The records:
━━━━━━

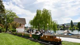 Treat yourself to a ride lasting just under 10 minutes and enjoy the experience of being pulled along the beautiful Rhine by a model electric locomotive from times gone by or by a large model steam locomotive, huffing and puffing.
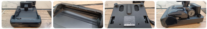 Пылесос для влажной уборки хранится на своей станции самоочистки и дальнейшей сушки. Устойчивая платформа с большим отсеком под пылесос. Станция позволяет сушить ролик в полугерметичном отсеке при температуре в 90 градусов всего за 5 минут. На станции есть контакты зарядки аккумулятора. На нижней поверхности сразу 4 резиновых присоски, которые крепко удерживают платформу на плитке или ламинате.
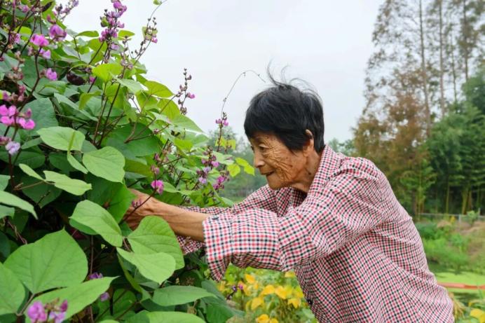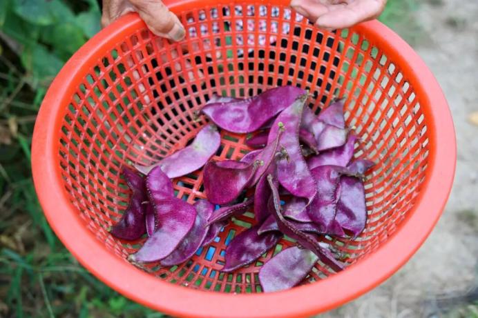 村民費阿嬢的菜園里,翠綠的藤蔓順著架子層層纏繞,紫紅色的豆花綴滿枝頭,一串串紫瑩瑩、綠油油的扁豆迎風搖曳,成為秋日里一道亮眼的風景線。
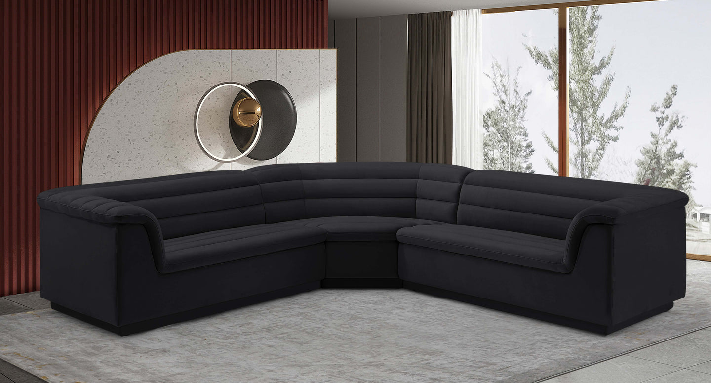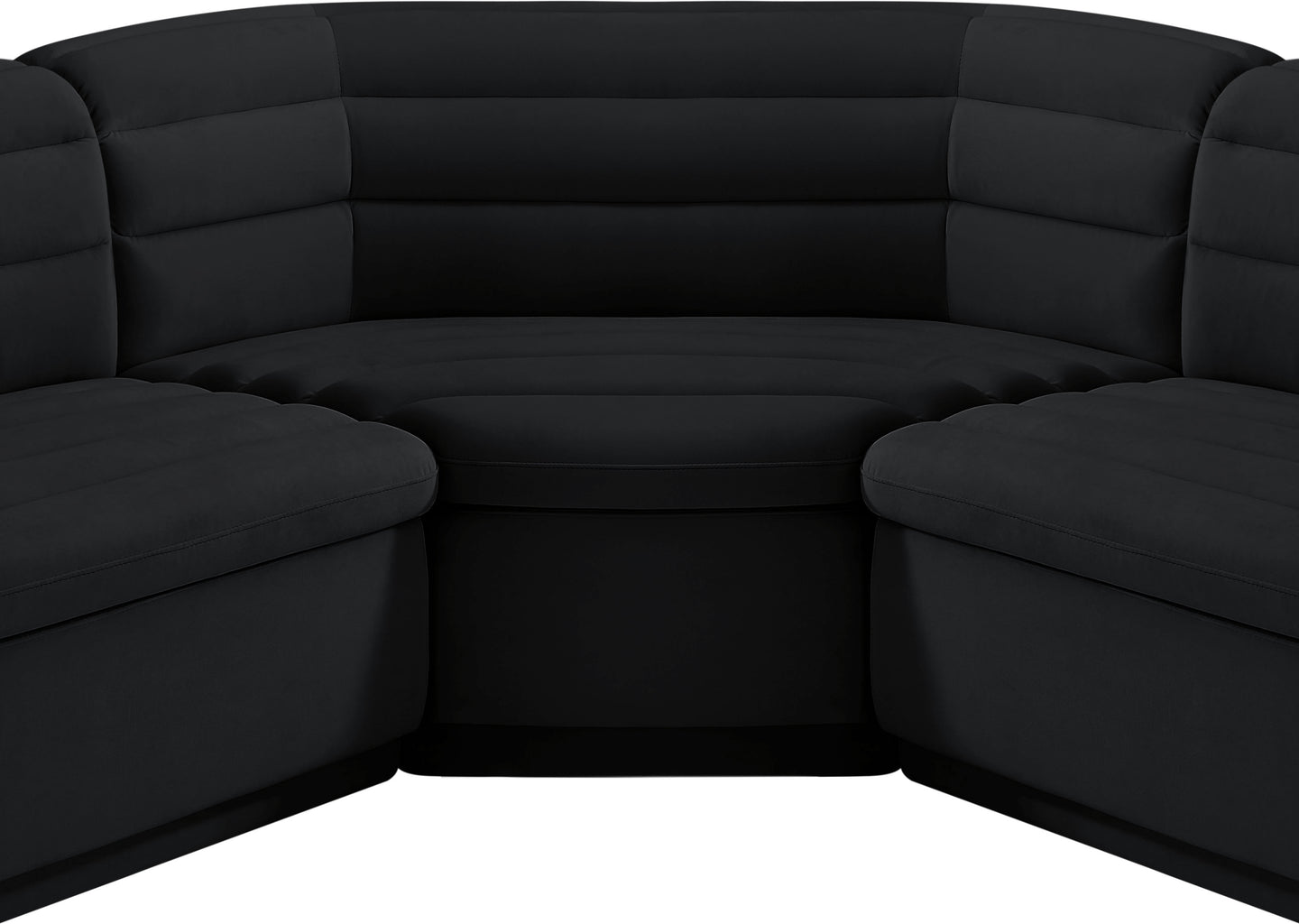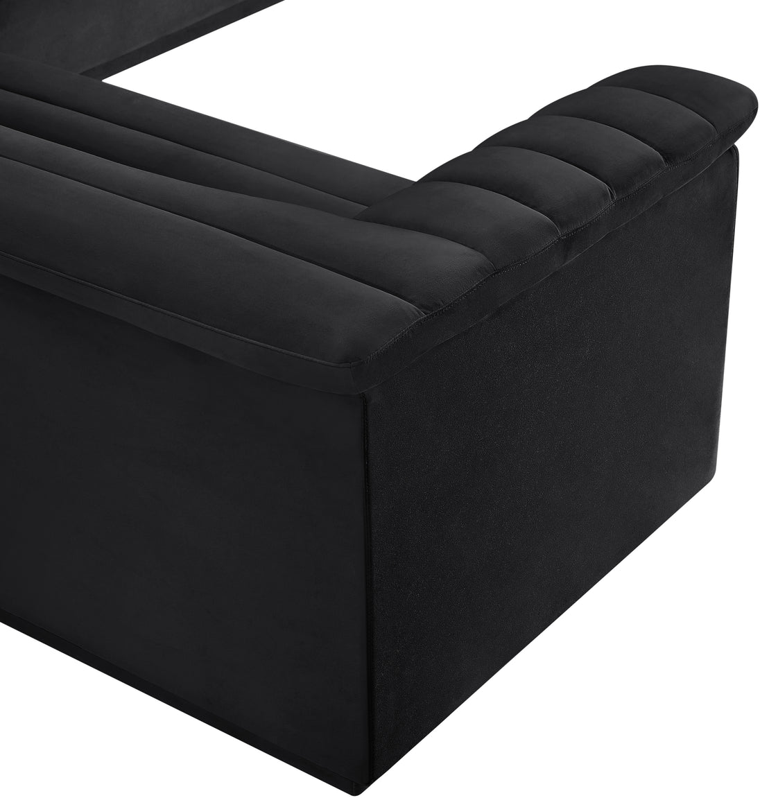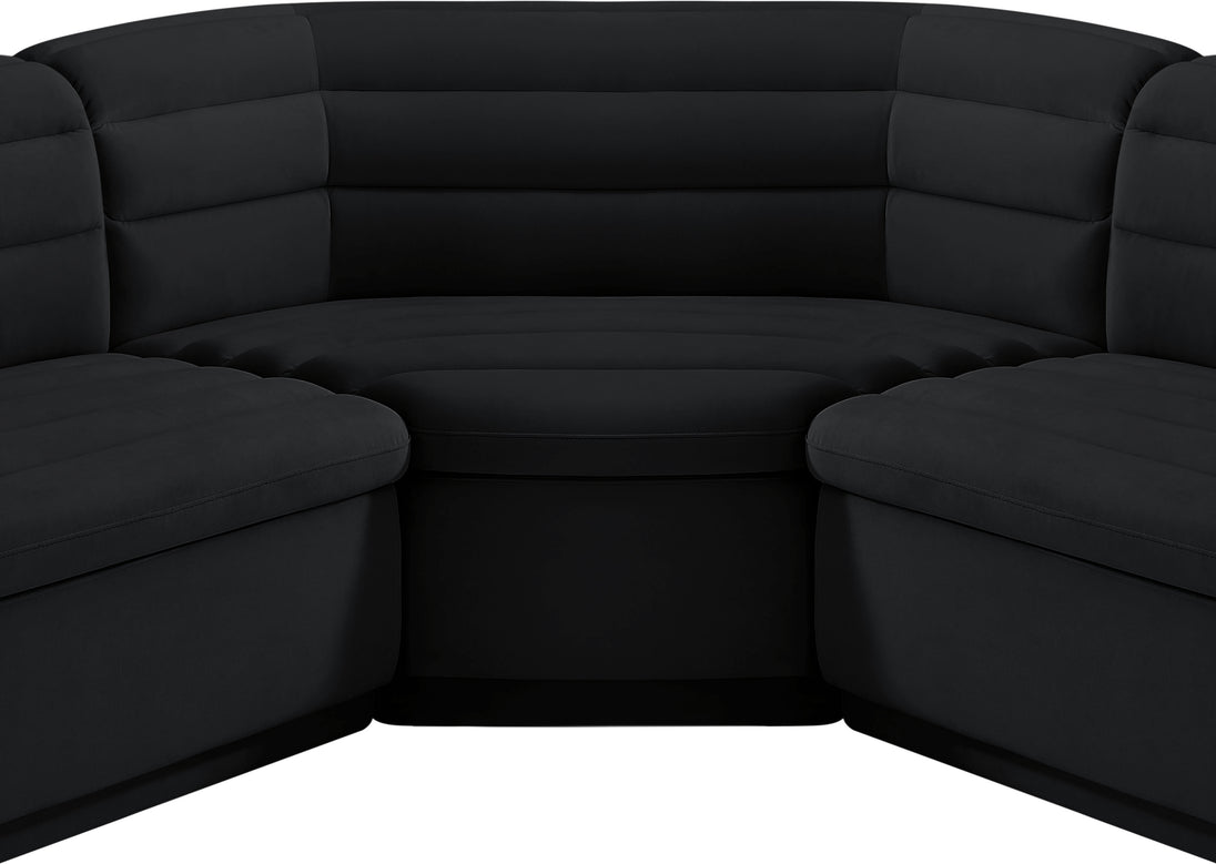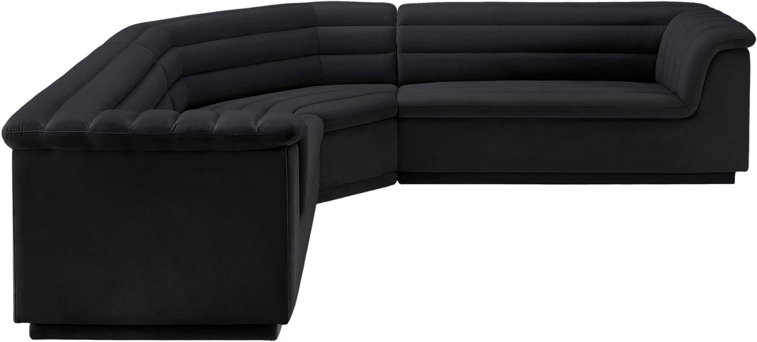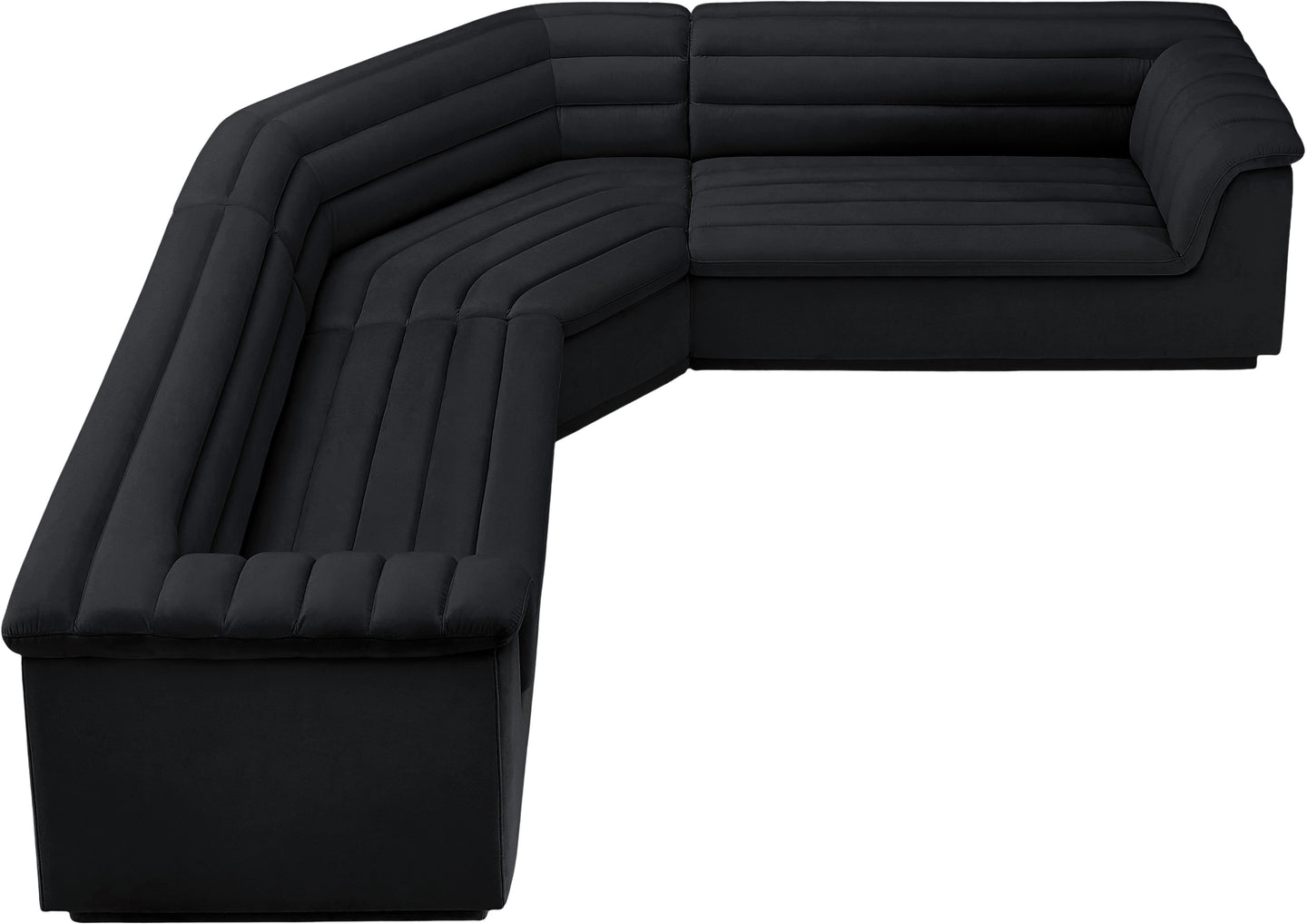 Give your room a much-needed rehab when you bring home this Cascade velvet modular sectional. The elegantly attention-grabbing design features a modern profile with curved arms deep horizontal channel tufting, so it wows from all angles. Upholstered in rich black velvet, this seat quickly becomes everyone's favorite spot for curling up with a good book or smart device. Thick foam padding ensures a cozy, body-hugging experience. while you watch TV or just relax.
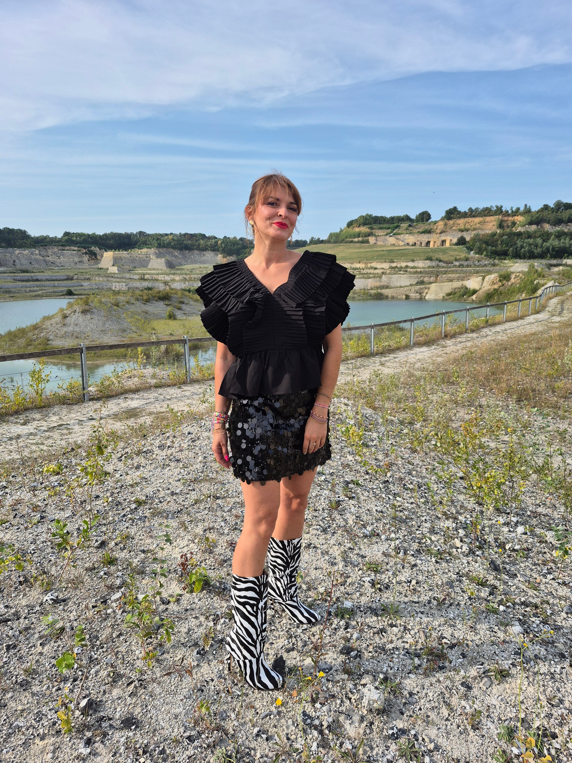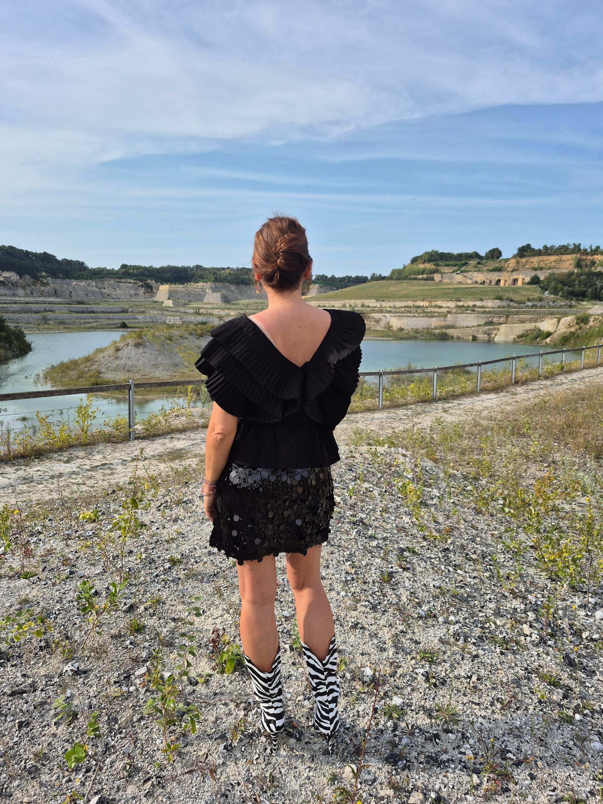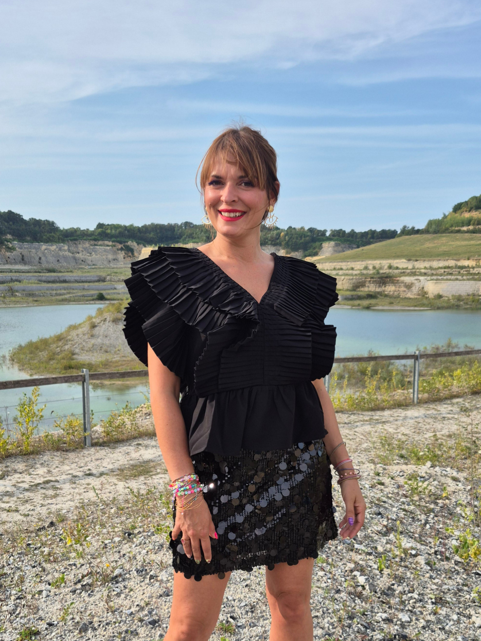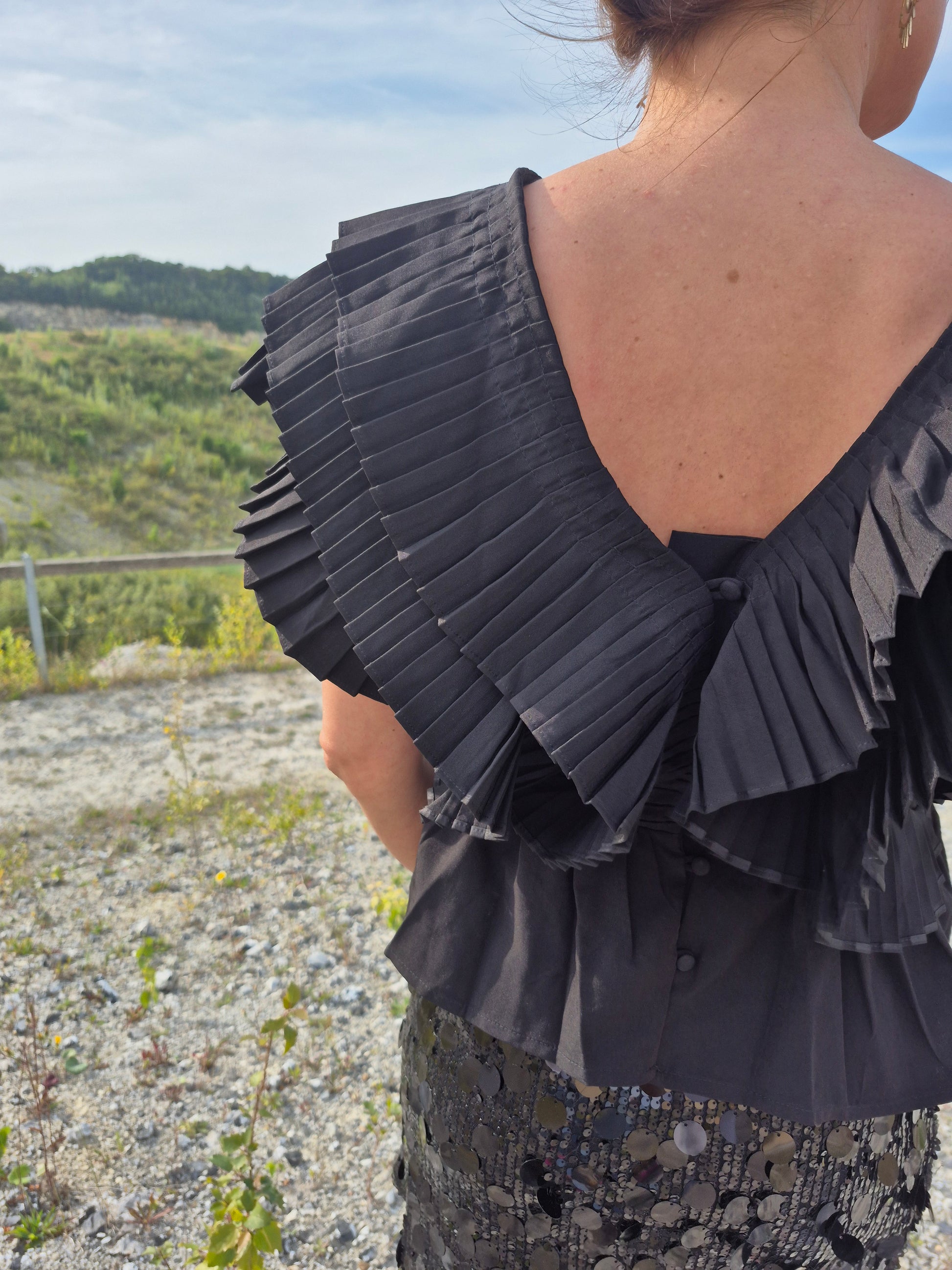 - Joli chemisier volanté, boutonné dans le dos / Encolure en V

━━━━━━

Work instructions:
Print once more, exactly, the lines that start at the top of the records above and end at the line with "村民費阿嬢的菜園里,翠綠的藤", skipping all pictures.

Answer to this problem:
 Treat yourself to a ride lasting just under 10 minutes and enjoy the experience of being pulled along the beautiful Rhine by a model electric locomotive from times gone by or by a large model steam locomotive, huffing and puffing.
 Пылесос для влажной уборки хранится на своей станции самоочистки и дальнейшей сушки. Устойчивая платформа с большим отсеком под пылесос. Станция позволяет сушить ролик в полугерметичном отсеке при температуре в 90 градусов всего за 5 минут. На станции есть контакты зарядки аккумулятора. На нижней поверхности сразу 4 резиновых присоски, которые крепко удерживают платформу на плитке или ламинате.
 村民費阿嬢的菜園里,翠綠的藤蔓順著架子層層纏繞,紫紅色的豆花綴滿枝頭,一串串紫瑩瑩、綠油油的扁豆迎風搖曳,成為秋日里一道亮眼的風景線。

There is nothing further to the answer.